Setelah urusan pencalonan kepala daerah Pilkada dan isu mahar politik Calon
Kepala Daerah mulai surut, kenaikan harga beras adalah wacana yang siap
menenggelamkan masyarakat dalam perang opini antara pemerintah dengan kelompok
oposisi.
Solusi
impor untuk menekan harga beras yang naik adalah sesuatu hal yang terus
berulang. Ketahanan pangan pada akhirnya hanya menjadi sebuah kebijakan manis
setiap pemimpin negara kita dalam setiap kampanye. Tidak pernah ada sebuah
konsep yang jelas dan matang tentang bagaimana meningkatkan produksi beras
nasional. Sehingga ketika harga beras naik, menurunnya produktifitas panen
beras--entah akibat cuaca atau hama--menjadi satu-satunya alasan yang paling
masuk akal yang bisa disampaikan pemerintah.
Lagipula,
pemerintah memang tak serius meningkatkan produktifitas di bidang pertanian.
Pemerintah Indonesia hanya fokus pada pembangunan infrastruktur yang katanya
akan mampu meningkatkan pertumbuhan ekonomi nasional. Nyatanya pertumbuhan
ekonomi hanya dirasakan oleh sebagian masyarakat dan malah memperparah tingkat
kesenjangan sosial. Data-data menunjukkan bahwa tingkat pertumbuhan ekonomi di
Indonesia hanya dinikmati oleh sekitar 20% orang.
Pembangunan infrastruktur—serta pertumbuhan ekonomi—yang
dampaknya hanya dibuktikan dengan deretan angka-angka, nyatanya telah banyak
merebut tanah-tanah masyarakat yang digunakan untuk menanam kebutuhan pokok.
Pembangunan bandara di Kulonprogo semisal, telah menggusur ribuan hektar lahan
pertanian. Pembangunan Bandara Kertajati di Majalengka yang juga menggusur
ribuan hektar lahan pertanian. Praktis tiap tahun luas lahan pertanian selalu
berkurang, khususnya di pulau Jawa. Penyebabnya adalah alih fungsi lahan
pertanian menjadi lahan properti, lahan pabrik/industri atau lahan pembangunan
transportasi. Kita bisa melihatnya di sekitar kita, sawah yang berubah jadi
perumahan, jalan tol, pabrik bandara. Lalu mana mungkin jumlah lahan pertanian
yang berkurang mampu menghasilkan produksi yang meningkat? Dan apa pula
untungnya bagi masyarakat membaca statistik pertumbuhan ekonomi jika nyatanya
harga kebutuhan pokok mereka mahal?
Sebagai
negeri yang pernah mendaku diri sebagai “Negeri Agraris”, impor beras jelas hal
yang tidak rasional. Dalam setiap janji pemerintah, urusan produksi beras dan
peningkatan kesejahteraan petani adalah barang kampanye yang selalu seksi.

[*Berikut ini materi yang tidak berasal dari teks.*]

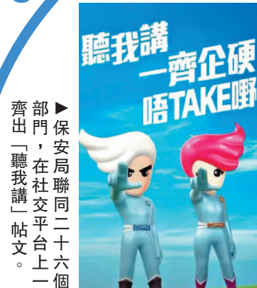
▶保安局聯同二十六個部門，在社交平台上一齊推出「聽我講」帖文。

保安局禁毒處全新的禁毒口號「聽我講：一齊企硬，唔take嘢！」已經成為時下最熱門的潮語之一。為了宣傳毒品害人，勸喻年輕人一齊企硬唔take嘢，保安局昨日聯同26個政府部門，在社交平台上一齊推出「聽我講」帖文，來自不同政府部門和紀律部隊的吉祥物齊上陣，跳出禁毒新舞步，宣傳不可不知的禁毒重要訊息。
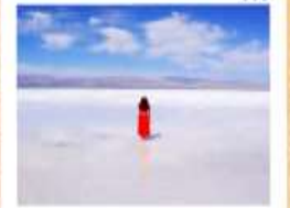
ทะเลสาบเกลือฉางซ่า
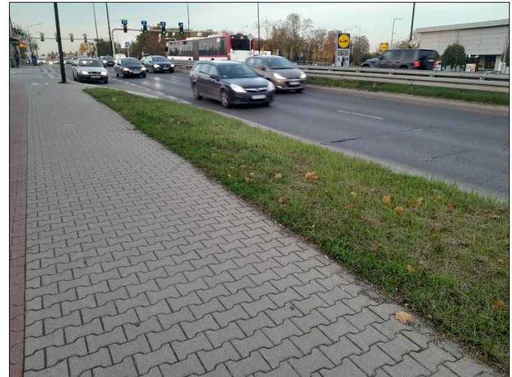
WIDOK OD TABLICY
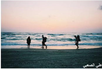
قرية عين غزال المهجرة
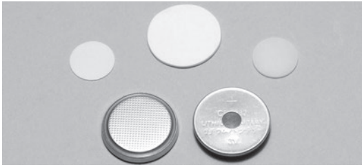
▲圖二 中國製釉固態電解質陶瓷片應用於鈕扣電池

術界與產業界之廣泛關注。此外，輝能公司為台灣最早進入固態電池開發公司之一，其早期佈局消費類電子產品之電池，近年亦導入動力電池開發，並發布基於陶瓷固態電解質之固態電池。其於今年宣布將於法國敦克爾克投資52億歐元（約新台幣1,743億元）建廠，此為輝能海外首座固態電池超級工廠，預計在2026年底開始生產，其將於該地建立48 GWh的固態電池超級工廠，執行在地化的材料採購、研發與製造。台塑新智能之大型儲能已有三座MW（兆瓦）級儲能系統連接台電電網，另還有三座超過5 MW的儲能系統將上線，而其家用儲能預定今(2023)年第四季起於台灣市場銷售。為因應未來市場需求，台灣中油已於高雄建立鈦酸鋰負極材料新廠，大幅擴增產能。此外格斯則與台灣廠商密切合作，其中供應負極材料的中油，堪稱是格斯最重要之戰略夥伴。
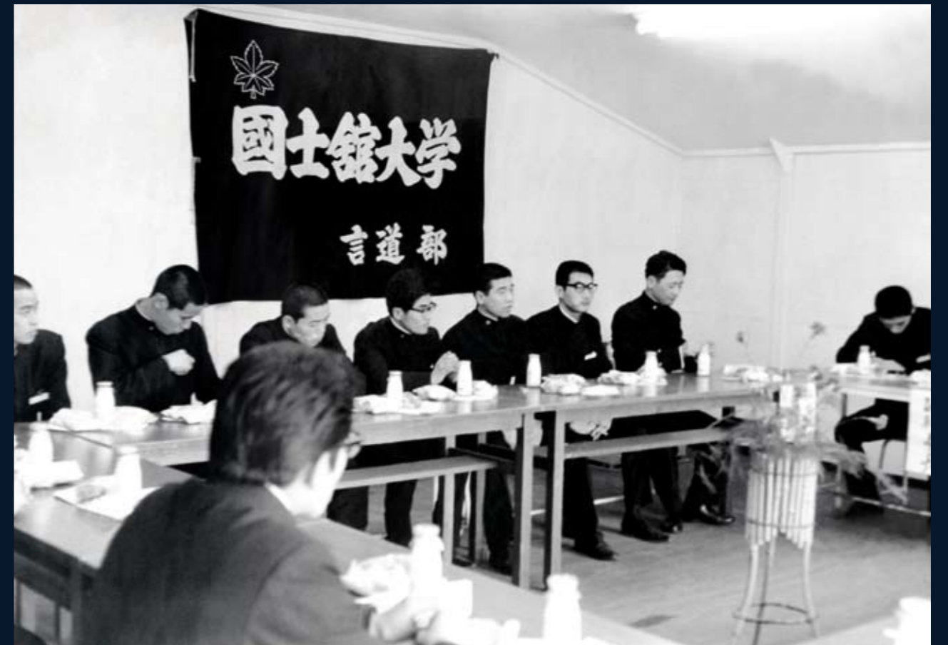
1965 (昭和40) 年1月 言道部の活動

言道部は、自己の信念表明が真の「国士」を育むという信条のもと、他学との交流を盛んに行った。
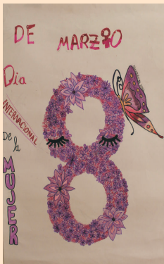
2º Premio - Felicidad (CEIP Mayor Zaragoza)
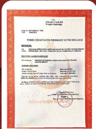
TIBBİ CİHAZ SATIŞ MERKEZİ YETKİ BELGEMİZ
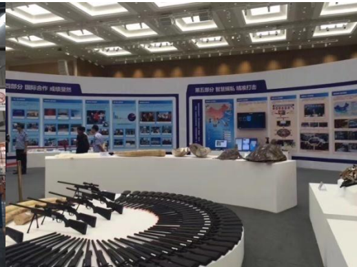
2017 年 6 月，“忠诚的道路 2013-2016 全国打击走私成果展”在南宁国际会展中心举办，该展览在 7 月移师海关总署进行巡回展出。
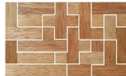
Fig. 108 www.creagenios.com.mx
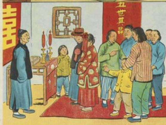
三 亞蘭受過萬般痛苦，懂得翻身道理，所以更能發揮其積極性，在勞動中起模範作用。
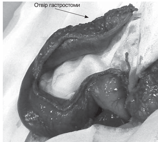
■ Рис. 2. Етап формування циліндра з великої кривизни шлунка

Через 2 тиж після виписки з лікарні дитина важила 5300 г, об'єм харчування — до 100 мл сумі-

Janji swasembada pangan bukan hal yang baru digaungkan pemerintahan Jokowi,
tapi sudah sejak dulu hanya menjadi janji.
Pada akhirnya, Negeri Agraris hanya kenang-kenangan dari kejayaan masa
lalu. Kita bisa lihat beberapa orang mungkin akan kembali mempopulerkan jargon
"enak jamanku toh?" dengan diikuti oleh foto senyum dari seorang Jenderal diktator yang dianggap
berhasil melaksanakan swasembada beras.
Janji
swasembada pangan, janji menjaga ketahanan pangan merupakan janji yang tidak
sesuai dengan realisasinya di lapangan. Program ketahanan pangan hanya sebuah
poin kebijakan yang kalah menarik daripada usaha pembangunan infrastruktur.

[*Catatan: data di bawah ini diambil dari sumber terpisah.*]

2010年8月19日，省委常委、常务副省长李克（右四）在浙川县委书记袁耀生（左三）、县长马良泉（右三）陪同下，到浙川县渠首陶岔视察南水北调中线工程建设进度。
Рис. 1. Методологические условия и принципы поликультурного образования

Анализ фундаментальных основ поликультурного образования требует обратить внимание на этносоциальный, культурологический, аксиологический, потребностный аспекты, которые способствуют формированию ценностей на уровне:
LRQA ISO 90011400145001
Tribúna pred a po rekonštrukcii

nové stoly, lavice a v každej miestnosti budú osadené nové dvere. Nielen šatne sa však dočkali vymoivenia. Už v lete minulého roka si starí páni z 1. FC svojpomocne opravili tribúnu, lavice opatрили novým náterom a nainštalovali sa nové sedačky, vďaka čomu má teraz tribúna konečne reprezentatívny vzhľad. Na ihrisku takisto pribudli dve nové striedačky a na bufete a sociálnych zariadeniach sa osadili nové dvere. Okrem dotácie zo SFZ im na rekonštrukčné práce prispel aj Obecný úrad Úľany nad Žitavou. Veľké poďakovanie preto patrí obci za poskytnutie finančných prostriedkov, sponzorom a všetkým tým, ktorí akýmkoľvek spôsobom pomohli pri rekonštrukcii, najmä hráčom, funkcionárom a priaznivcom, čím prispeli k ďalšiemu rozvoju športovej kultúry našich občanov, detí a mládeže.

Suruh saja masyarakat makan beton, makan angka-angka statistik, atau makan uang
yang dihasilkan infrastruktur. Yang mau makan beras, tunggu impor. Masih
percaya Indonesia negeri agraris? Kayanya cuma kenangan atau susah move on
dipimpin sama jenderal? []
https://tajenonline.live/panduan-cara-ternak-ayam-bangkok-dari-anakan-sampai-dewasa-lengkap
BalasHapusPanduan Cara Ternak Ayam Bangkok Dari Anakan Sampai Dewasa Lengkap yang salah satu jenis ayam petarung. Dibandingkan dengan ayam aduan lainnya. Ayam Bangkok mempunyai perbedaan mau tau kelanjutannya ?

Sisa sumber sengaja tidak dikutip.